Last week I found myself completely zoned out.  At first I thought it was the humidity that made me feel lethargic.  Perhaps the summer sun was burning too harshly on my mood that I was bored of all summertime activities.  I considered that summer may not be that great of a season, until I realized that I wasn’t paying attention to ‘me’.  My offspring were sapping me of all my energy and using it for their evil purposes…as most teens do.  My problem was that I let them.  I had been so drained that I was parenting on autopilot and I was neglecting me.
So I set out to have a different week – and I did.  I set boundaries on what I was willing to do.  If they decided they weren’t going to be home for supper then I decided I wasn’t making any.  They would have to make a sandwich for themselves later as long as it was before 8:00pm because that’s when the kitchen closed.  If they needed clothes cleaned, I passed them the laundry basket and told them to get to it.  If they wanted a drive, then they were going to have to make a few pit stops along the way while I did errands.  If they had the urge to disrespect me they got privileges taken away.  At one point I had to sleep with a cell phone, laptop and an Ipod!  AND if they thought I was going to hang around waiting to tend on them, they got something quite the opposite.
Every move I made, I made with full consciousness.  My decisions were based on if my needs and wants were met.  I didn’t shrug any parental duties or responsibilities, however, I wasn’t about to get taken advantage of – not this week.
I gave myself nice long baths and facials.  I took care of little tasks that kept getting put off because I was too busy doing things for the rubber-necks.  I seemed to get more housework done, cook better meals and socialize more than I have in ages despite a longer work week.
I had great walks and terrific talks with a fabulous friend – thanks Ellen.  My sensational friend, Iris, invited me over for drinks on her back patio in the middle of the week (I normally would say no, but not this week) – thanks Iris for all the entertaining grown-up conversation.  I took my son for a swim at my friend’s house on the lake – thanks April and Jim, you guys are really great.  A delightful friend and I took a walk along the waterfront to a restaurant where we dined divinely – thanks Deborah.  I drove out-of-town to meet a friend I’ve been meaning to visit for years.  We lunched, caught up on years of gaps, she showed me her horses and invited me back with my kids – thanks Terry, I had a ball.  
It was a good week.  The summer is definitely picking up.  Paying attention to ‘me’ really had its rewards.  It reminded me that if I don’t respect my time, then how will anybody else.  I’m not sure if my kids noticed anything different other than being inconvenienced…but hopefully they will eventually. 
The lesson I’ve learned is that even though I might get off course sometimes, it doesn’t mean I have to stay there.  I just need to tune in to me in order to zone in to the kids.  Someone once said “If Mama ain’t happy, nobody’s happy”.
My Mom said that they take after me when I was a teenager – thanks Mom?!  She also said that I turned out OK – I’m guessing so will my babies.  I’m counting on it.  No matter what, they are the most important people in my life and I love them – rubber necks and all!

*Rubber-neck syndrome: the loosely nodding or swaying of a teen’s head usually exhibited immediately after a parent makes a request or comment.  This condition expresses lack of interest and respect, also weak neck muscles.



  1. Love it!

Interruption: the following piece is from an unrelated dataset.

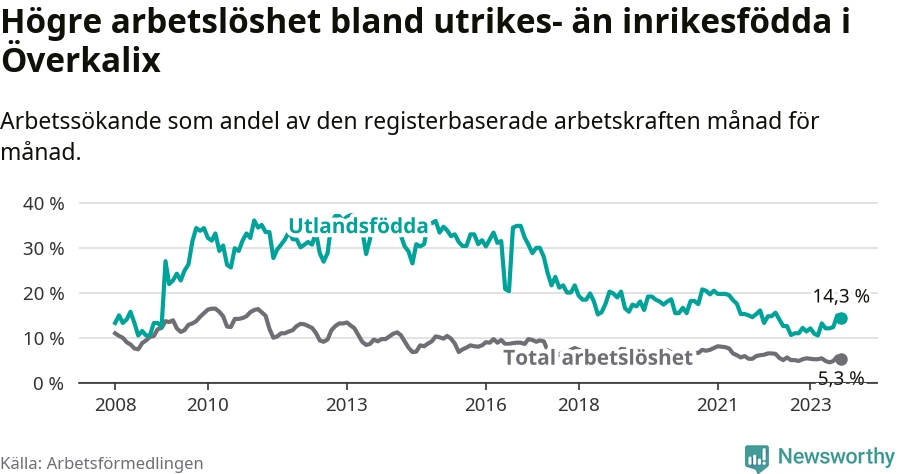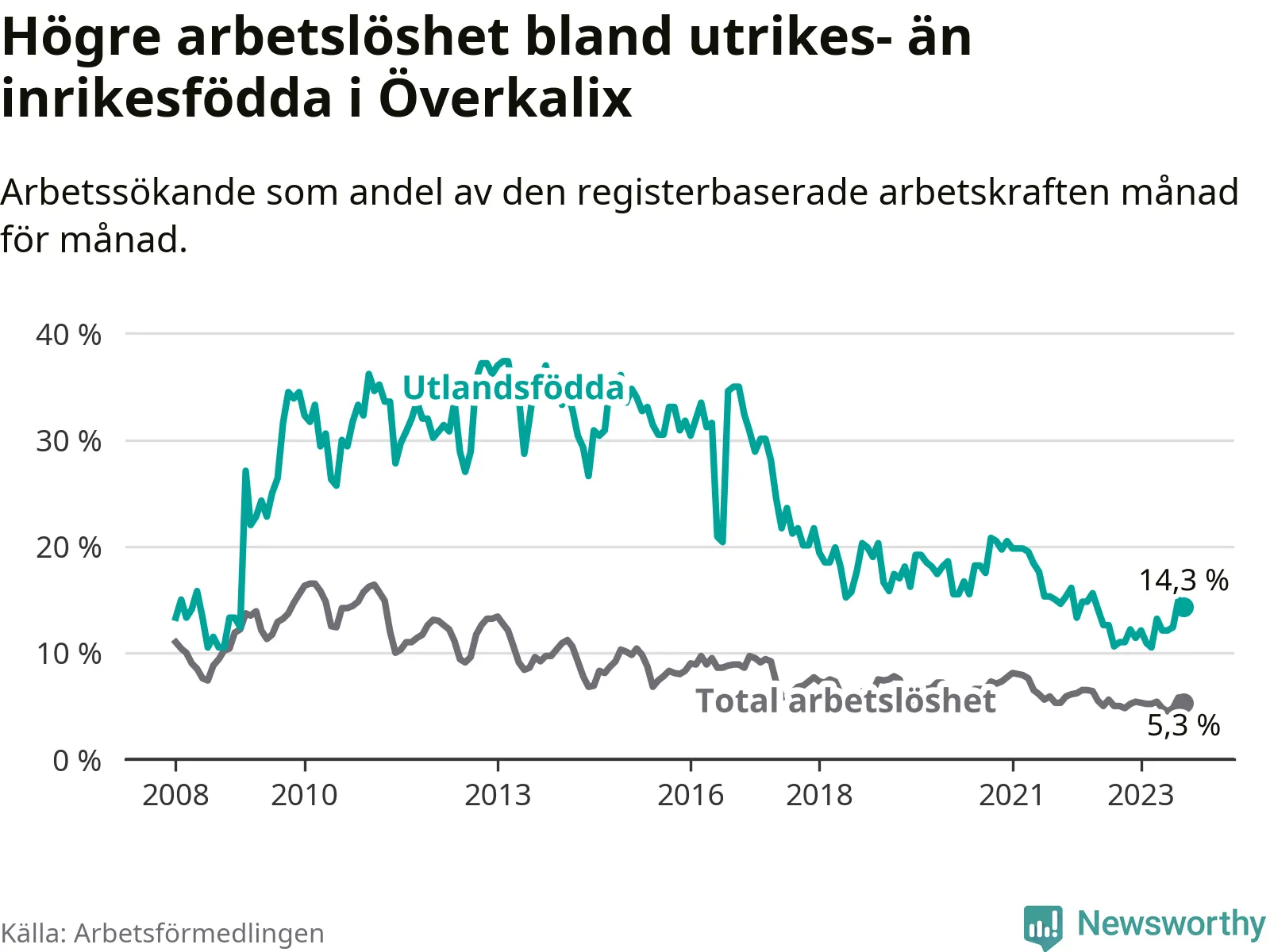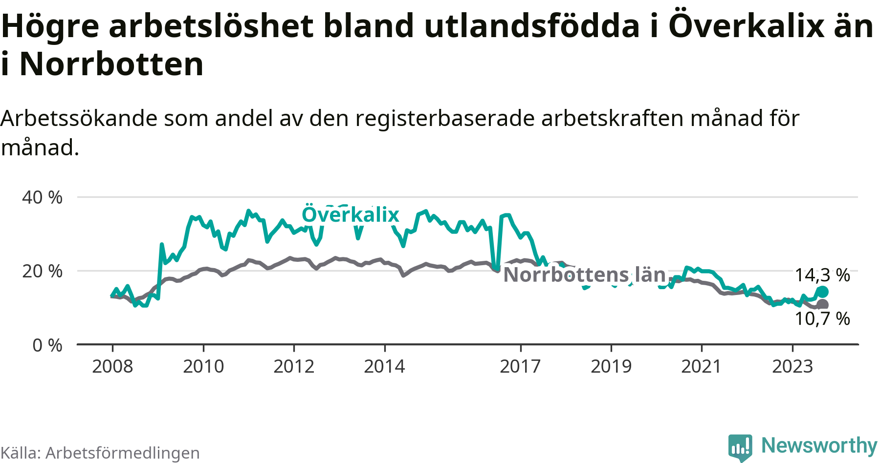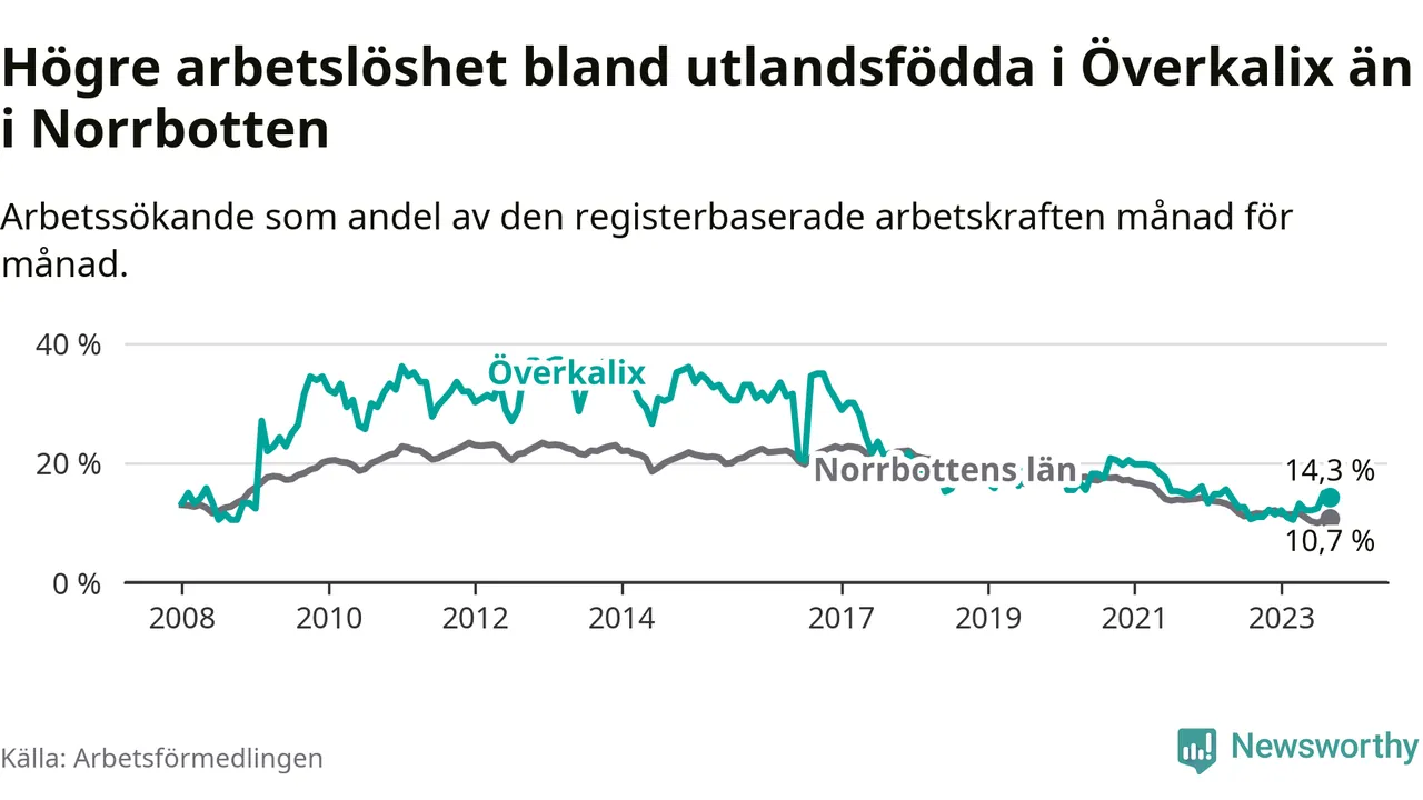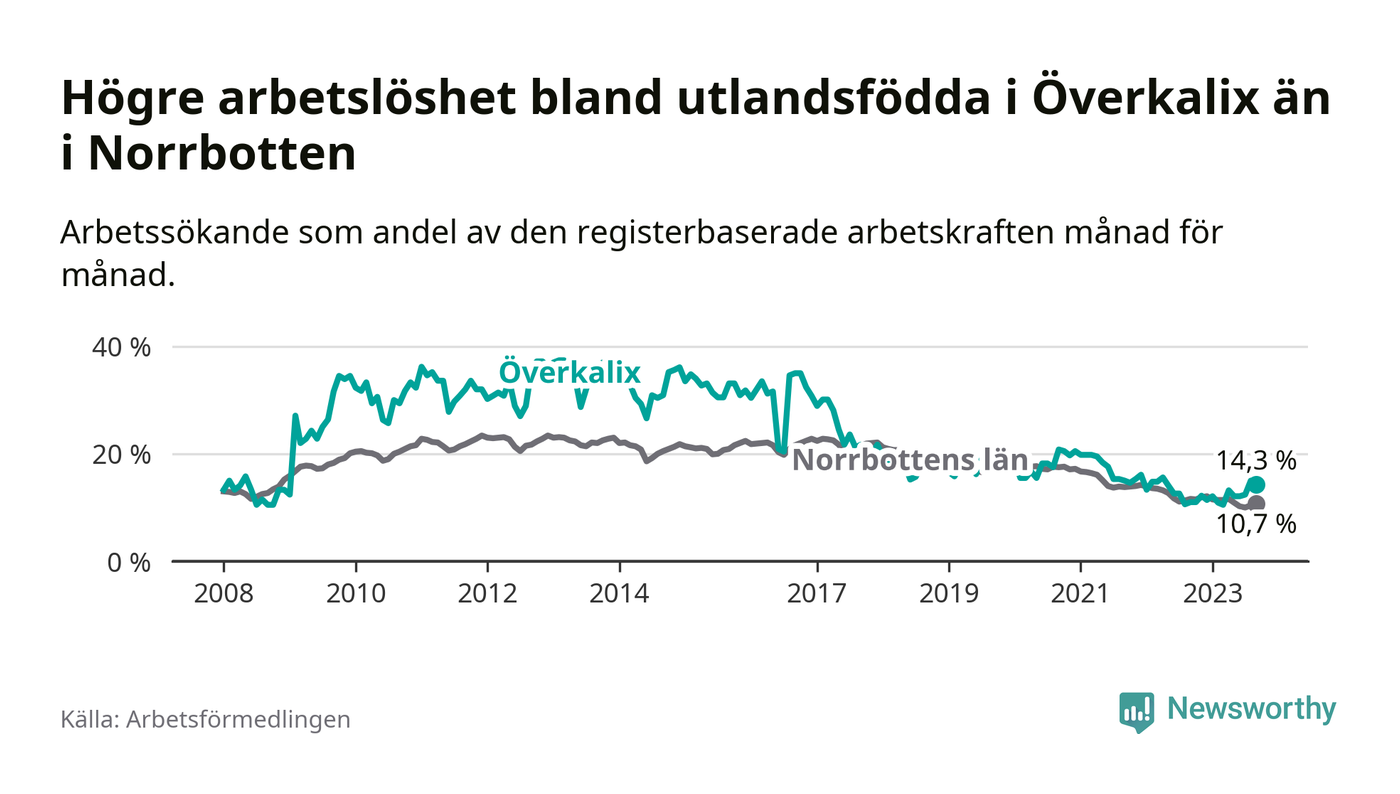 Arbetslösheten bland utlandsfödda var 14,3 procent i Överkalix under september månad, motsvarande 34 av 238 personer. Det är 3,3 procentenheter fler än vid samma tidpunkt i fjol (+10 om man räknar personer).

A real-life topic with lots of humour! I can see you in this – well, somebody once said, write about what you know and this offers a glimpse into the world of the parent of teens. Keep writing! Oh, and BTW – keep pursuing that ‘me’ time. I know those rubber-neckers will be just fine!

  2. Hey Kimberly, I knew it wouldn’t take you long to get things back in perspective.
    We all go through these years called the terrible “teenager” years.
    Glad to see you are taking time for yourself.
    Your mother was wrong though, you didn’t turn out just OK, you turned out GREAT.
    I am very lucky to have you as a friend.
    Keep on writing.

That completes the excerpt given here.